Stored items from a collection:
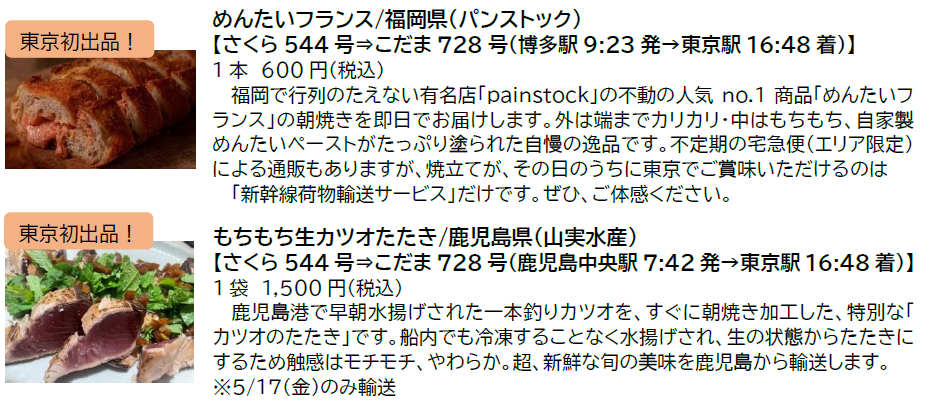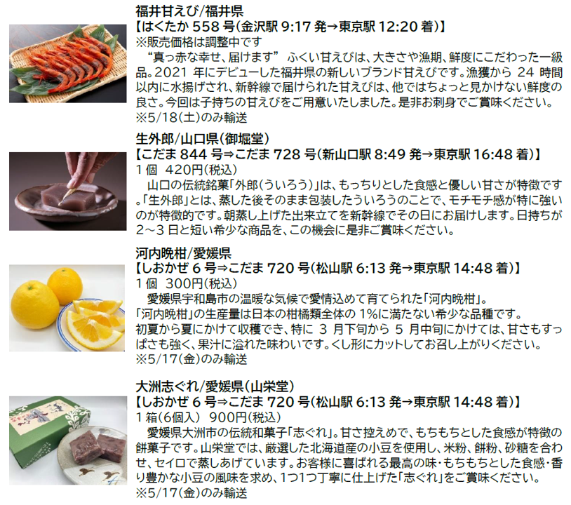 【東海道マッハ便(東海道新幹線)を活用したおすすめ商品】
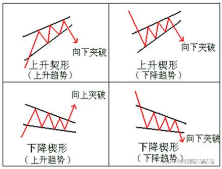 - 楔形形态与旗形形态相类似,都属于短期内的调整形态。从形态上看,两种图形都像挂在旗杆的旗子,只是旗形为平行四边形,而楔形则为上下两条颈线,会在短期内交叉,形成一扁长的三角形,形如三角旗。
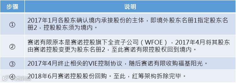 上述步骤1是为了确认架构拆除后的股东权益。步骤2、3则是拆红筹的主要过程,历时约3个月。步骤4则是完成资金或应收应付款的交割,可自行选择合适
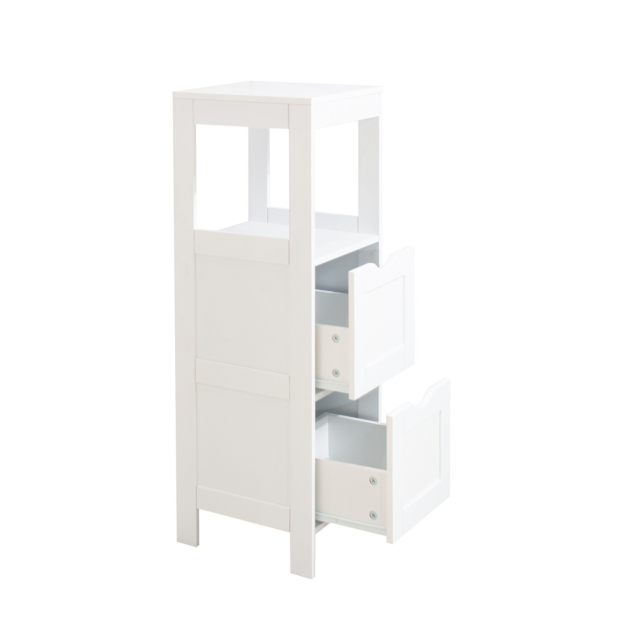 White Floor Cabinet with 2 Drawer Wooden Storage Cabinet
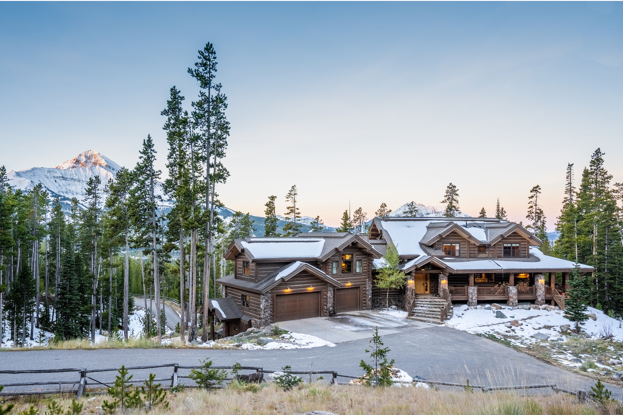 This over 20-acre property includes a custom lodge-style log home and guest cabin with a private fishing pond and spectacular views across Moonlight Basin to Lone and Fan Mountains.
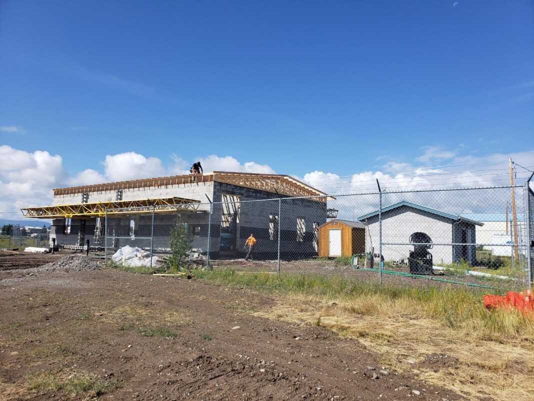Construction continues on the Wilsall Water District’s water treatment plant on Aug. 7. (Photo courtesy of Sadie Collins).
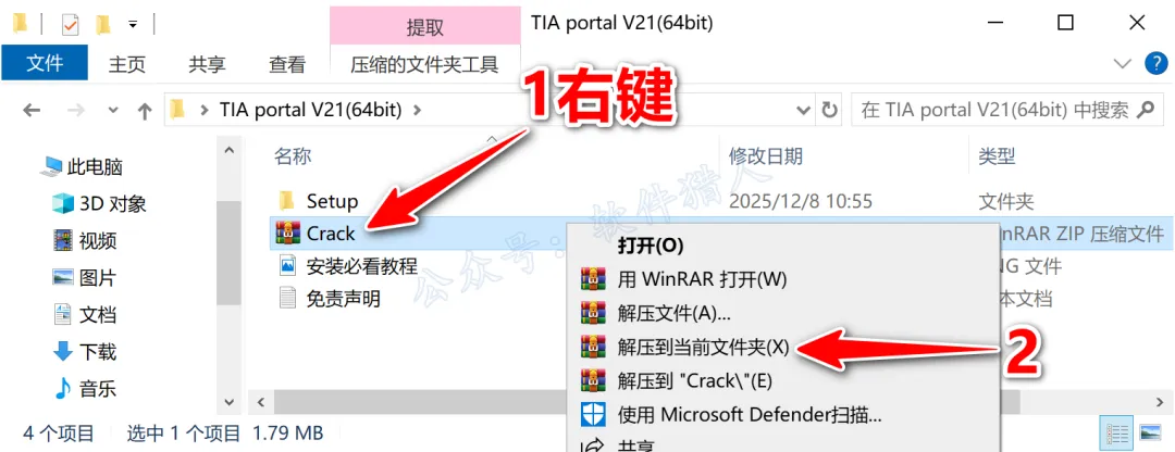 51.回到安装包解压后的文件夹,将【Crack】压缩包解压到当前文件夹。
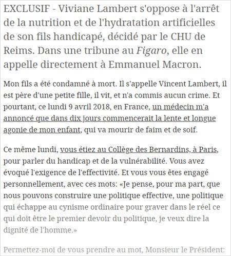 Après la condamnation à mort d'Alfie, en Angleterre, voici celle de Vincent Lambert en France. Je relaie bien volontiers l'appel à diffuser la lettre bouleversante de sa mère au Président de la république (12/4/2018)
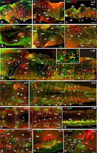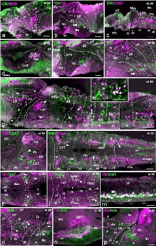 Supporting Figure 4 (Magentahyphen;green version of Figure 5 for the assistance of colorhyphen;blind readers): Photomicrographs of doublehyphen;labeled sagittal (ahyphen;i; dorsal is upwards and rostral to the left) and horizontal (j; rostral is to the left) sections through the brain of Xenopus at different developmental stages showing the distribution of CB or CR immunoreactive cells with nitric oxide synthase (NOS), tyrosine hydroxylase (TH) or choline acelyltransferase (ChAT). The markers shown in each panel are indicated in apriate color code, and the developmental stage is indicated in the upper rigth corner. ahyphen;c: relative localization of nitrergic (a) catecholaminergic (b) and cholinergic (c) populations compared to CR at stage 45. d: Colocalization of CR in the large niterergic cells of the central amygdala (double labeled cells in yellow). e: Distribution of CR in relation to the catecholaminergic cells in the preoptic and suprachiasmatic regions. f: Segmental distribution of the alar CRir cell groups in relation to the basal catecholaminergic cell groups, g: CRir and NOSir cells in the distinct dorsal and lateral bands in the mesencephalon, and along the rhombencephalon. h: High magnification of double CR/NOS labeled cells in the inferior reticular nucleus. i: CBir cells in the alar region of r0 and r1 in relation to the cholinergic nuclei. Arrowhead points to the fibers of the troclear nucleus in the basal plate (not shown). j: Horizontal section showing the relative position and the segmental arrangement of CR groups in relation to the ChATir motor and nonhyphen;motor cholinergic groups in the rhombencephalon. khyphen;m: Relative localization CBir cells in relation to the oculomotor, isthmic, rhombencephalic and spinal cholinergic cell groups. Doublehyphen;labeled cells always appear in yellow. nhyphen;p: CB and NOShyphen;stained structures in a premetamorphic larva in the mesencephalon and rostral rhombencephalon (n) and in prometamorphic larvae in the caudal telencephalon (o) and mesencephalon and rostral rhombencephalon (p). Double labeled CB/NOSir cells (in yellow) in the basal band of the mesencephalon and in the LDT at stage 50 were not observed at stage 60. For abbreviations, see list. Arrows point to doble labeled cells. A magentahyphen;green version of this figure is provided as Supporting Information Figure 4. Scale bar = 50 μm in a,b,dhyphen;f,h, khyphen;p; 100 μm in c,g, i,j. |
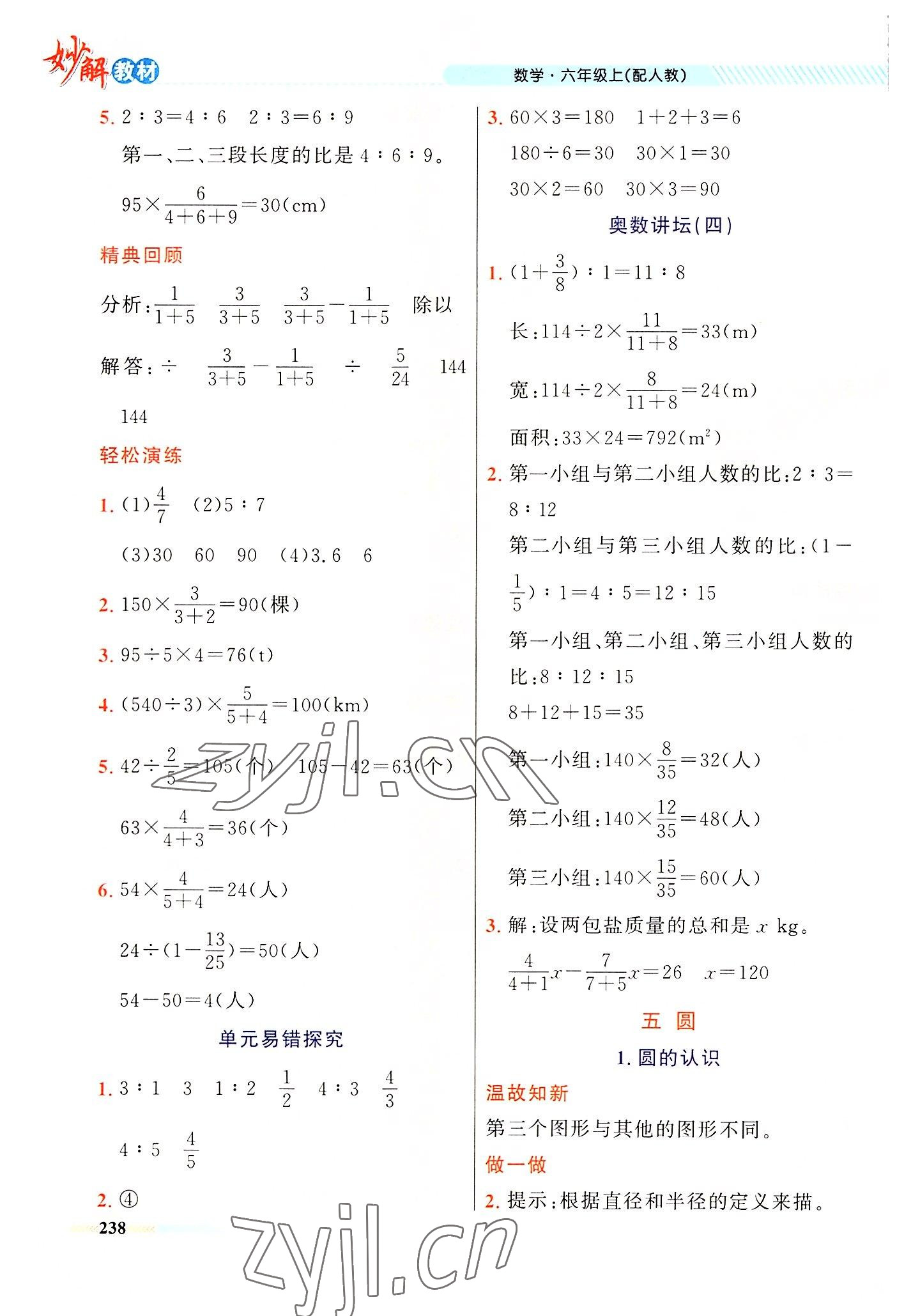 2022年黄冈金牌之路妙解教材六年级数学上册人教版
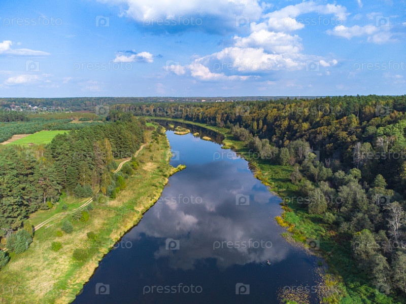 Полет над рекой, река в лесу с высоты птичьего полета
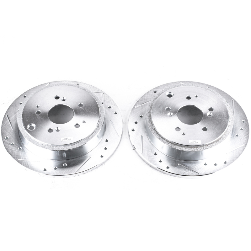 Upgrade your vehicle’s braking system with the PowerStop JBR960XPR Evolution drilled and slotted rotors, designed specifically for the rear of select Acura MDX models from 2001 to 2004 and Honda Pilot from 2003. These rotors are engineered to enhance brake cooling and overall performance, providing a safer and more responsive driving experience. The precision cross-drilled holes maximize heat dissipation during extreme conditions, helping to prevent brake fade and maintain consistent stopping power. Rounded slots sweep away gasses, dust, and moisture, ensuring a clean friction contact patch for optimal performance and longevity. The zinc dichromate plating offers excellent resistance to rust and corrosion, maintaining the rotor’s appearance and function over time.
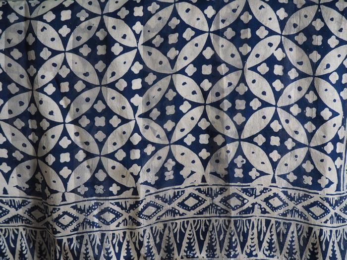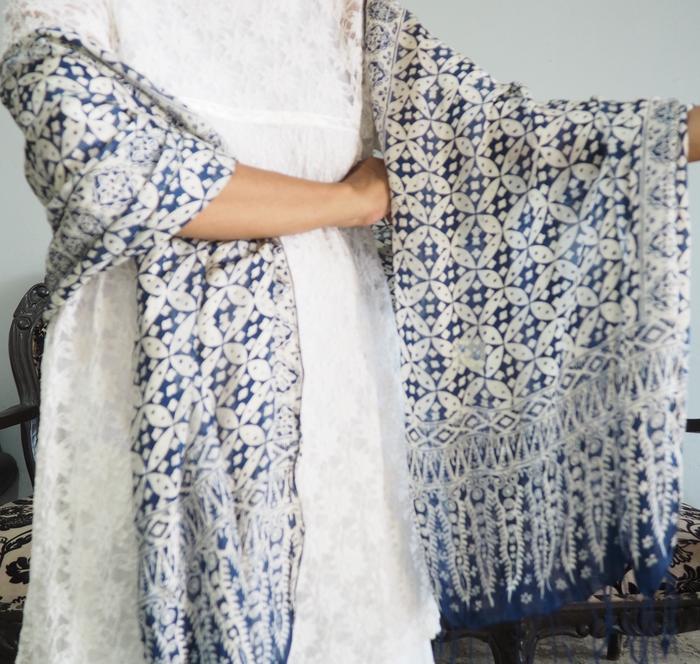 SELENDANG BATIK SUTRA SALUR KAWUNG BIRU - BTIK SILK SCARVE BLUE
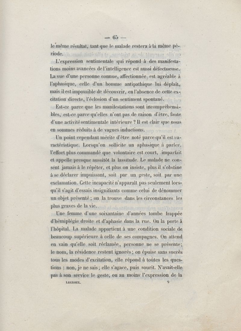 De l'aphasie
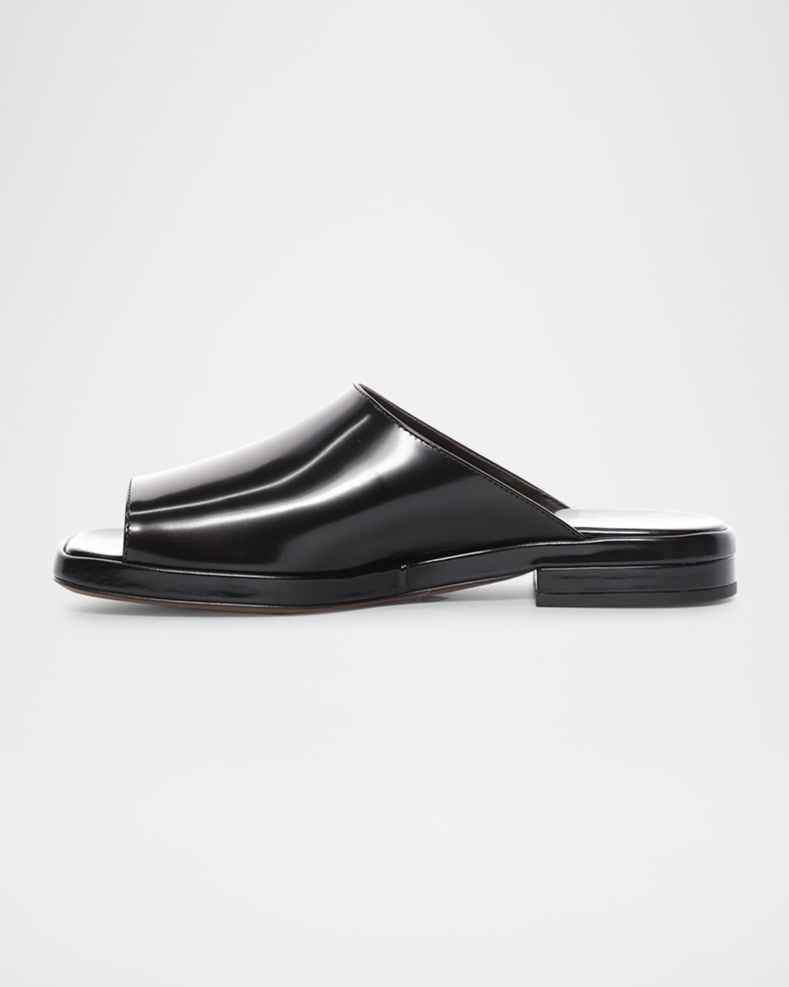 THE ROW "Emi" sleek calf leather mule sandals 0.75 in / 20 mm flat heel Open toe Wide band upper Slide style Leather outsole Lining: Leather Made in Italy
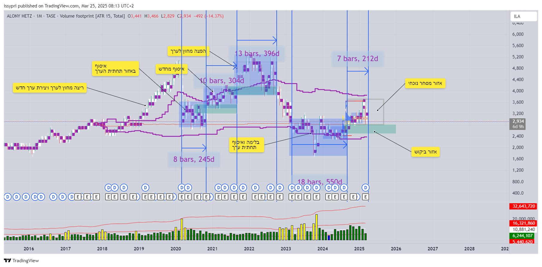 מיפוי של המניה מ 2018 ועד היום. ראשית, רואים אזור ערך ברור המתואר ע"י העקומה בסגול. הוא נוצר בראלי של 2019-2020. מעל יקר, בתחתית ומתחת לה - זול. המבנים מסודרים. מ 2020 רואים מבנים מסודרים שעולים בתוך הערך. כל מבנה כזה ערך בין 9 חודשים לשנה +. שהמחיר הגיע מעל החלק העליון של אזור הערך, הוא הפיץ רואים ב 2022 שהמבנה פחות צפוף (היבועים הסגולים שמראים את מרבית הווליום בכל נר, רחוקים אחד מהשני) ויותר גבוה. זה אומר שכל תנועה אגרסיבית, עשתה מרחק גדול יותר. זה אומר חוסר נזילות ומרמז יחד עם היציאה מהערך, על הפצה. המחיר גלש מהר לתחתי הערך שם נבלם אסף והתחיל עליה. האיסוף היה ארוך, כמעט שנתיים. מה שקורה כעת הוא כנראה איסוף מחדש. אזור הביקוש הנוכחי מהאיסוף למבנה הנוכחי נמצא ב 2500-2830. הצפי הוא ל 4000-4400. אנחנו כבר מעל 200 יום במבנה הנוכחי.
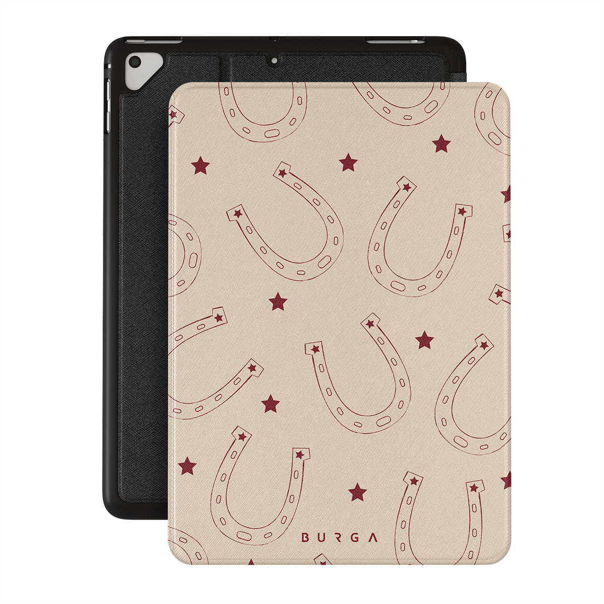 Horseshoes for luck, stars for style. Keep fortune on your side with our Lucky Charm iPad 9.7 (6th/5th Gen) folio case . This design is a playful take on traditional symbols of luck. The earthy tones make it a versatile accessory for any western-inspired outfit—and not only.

What the task asks: Omit the pictures; print the records above exactly.

Result of this exercise:
 【東海道マッハ便(東海道新幹線)を活用したおすすめ商品】
 - 楔形形态与旗形形态相类似,都属于短期内的调整形态。从形态上看,两种图形都像挂在旗杆的旗子,只是旗形为平行四边形,而楔形则为上下两条颈线,会在短期内交叉,形成一扁长的三角形,形如三角旗。
 上述步骤1是为了确认架构拆除后的股东权益。步骤2、3则是拆红筹的主要过程,历时约3个月。步骤4则是完成资金或应收应付款的交割,可自行选择合适
 White Floor Cabinet with 2 Drawer Wooden Storage Cabinet
 This over 20-acre property includes a custom lodge-style log home and guest cabin with a private fishing pond and spectacular views across Moonlight Basin to Lone and Fan Mountains.
Construction continues on the Wilsall Water District’s water treatment plant on Aug. 7. (Photo courtesy of Sadie Collins).
 51.回到安装包解压后的文件夹,将【Crack】压缩包解压到当前文件夹。
 Après la condamnation à mort d'Alfie, en Angleterre, voici celle de Vincent Lambert en France. Je relaie bien volontiers l'appel à diffuser la lettre bouleversante de sa mère au Président de la république (12/4/2018)
 Supporting Figure 4 (Magentahyphen;green version of Figure 5 for the assistance of colorhyphen;blind readers): Photomicrographs of doublehyphen;labeled sagittal (ahyphen;i; dorsal is upwards and rostral to the left) and horizontal (j; rostral is to the left) sections through the brain of Xenopus at different developmental stages showing the distribution of CB or CR immunoreactive cells with nitric oxide synthase (NOS), tyrosine hydroxylase (TH) or choline acelyltransferase (ChAT). The markers shown in each panel are indicated in apriate color code, and the developmental stage is indicated in the upper rigth corner. ahyphen;c: relative localization of nitrergic (a) catecholaminergic (b) and cholinergic (c) populations compared to CR at stage 45. d: Colocalization of CR in the large niterergic cells of the central amygdala (double labeled cells in yellow). e: Distribution of CR in relation to the catecholaminergic cells in the preoptic and suprachiasmatic regions. f: Segmental distribution of the alar CRir cell groups in relation to the basal catecholaminergic cell groups, g: CRir and NOSir cells in the distinct dorsal and lateral bands in the mesencephalon, and along the rhombencephalon. h: High magnification of double CR/NOS labeled cells in the inferior reticular nucleus. i: CBir cells in the alar region of r0 and r1 in relation to the cholinergic nuclei. Arrowhead points to the fibers of the troclear nucleus in the basal plate (not shown). j: Horizontal section showing the relative position and the segmental arrangement of CR groups in relation to the ChATir motor and nonhyphen;motor cholinergic groups in the rhombencephalon. khyphen;m: Relative localization CBir cells in relation to the oculomotor, isthmic, rhombencephalic and spinal cholinergic cell groups. Doublehyphen;labeled cells always appear in yellow. nhyphen;p: CB and NOShyphen;stained structures in a premetamorphic larva in the mesencephalon and rostral rhombencephalon (n) and in prometamorphic larvae in the caudal telencephalon (o) and mesencephalon and rostral rhombencephalon (p). Double labeled CB/NOSir cells (in yellow) in the basal band of the mesencephalon and in the LDT at stage 50 were not observed at stage 60. For abbreviations, see list. Arrows point to doble labeled cells. A magentahyphen;green version of this figure is provided as Supporting Information Figure 4. Scale bar = 50 μm in a,b,dhyphen;f,h, khyphen;p; 100 μm in c,g, i,j. |
 2022年黄冈金牌之路妙解教材六年级数学上册人教版
 Полет над рекой, река в лесу с высоты птичьего полета
 Upgrade your vehicle’s braking system with the PowerStop JBR960XPR Evolution drilled and slotted rotors, designed specifically for the rear of select Acura MDX models from 2001 to 2004 and Honda Pilot from 2003. These rotors are engineered to enhance brake cooling and overall performance, providing a safer and more responsive driving experience. The precision cross-drilled holes maximize heat dissipation during extreme conditions, helping to prevent brake fade and maintain consistent stopping power. Rounded slots sweep away gasses, dust, and moisture, ensuring a clean friction contact patch for optimal performance and longevity. The zinc dichromate plating offers excellent resistance to rust and corrosion, maintaining the rotor’s appearance and function over time.
 SELENDANG BATIK SUTRA SALUR KAWUNG BIRU - BTIK SILK SCARVE BLUE
 De l'aphasie
 THE ROW "Emi" sleek calf leather mule sandals 0.75 in / 20 mm flat heel Open toe Wide band upper Slide style Leather outsole Lining: Leather Made in Italy
 מיפוי של המניה מ 2018 ועד היום. ראשית, רואים אזור ערך ברור המתואר ע"י העקומה בסגול. הוא נוצר בראלי של 2019-2020. מעל יקר, בתחתית ומתחת לה - זול. המבנים מסודרים. מ 2020 רואים מבנים מסודרים שעולים בתוך הערך. כל מבנה כזה ערך בין 9 חודשים לשנה +. שהמחיר הגיע מעל החלק העליון של אזור הערך, הוא הפיץ רואים ב 2022 שהמבנה פחות צפוף (היבועים הסגולים שמראים את מרבית הווליום בכל נר, רחוקים אחד מהשני) ויותר גבוה. זה אומר שכל תנועה אגרסיבית, עשתה מרחק גדול יותר. זה אומר חוסר נזילות ומרמז יחד עם היציאה מהערך, על הפצה. המחיר גלש מהר לתחתי הערך שם נבלם אסף והתחיל עליה. האיסוף היה ארוך, כמעט שנתיים. מה שקורה כעת הוא כנראה איסוף מחדש. אזור הביקוש הנוכחי מהאיסוף למבנה הנוכחי נמצא ב 2500-2830. הצפי הוא ל 4000-4400. אנחנו כבר מעל 200 יום במבנה הנוכחי.
 Horseshoes for luck, stars for style. Keep fortune on your side with our Lucky Charm iPad 9.7 (6th/5th Gen) folio case . This design is a playful take on traditional symbols of luck. The earthy tones make it a versatile accessory for any western-inspired outfit—and not only.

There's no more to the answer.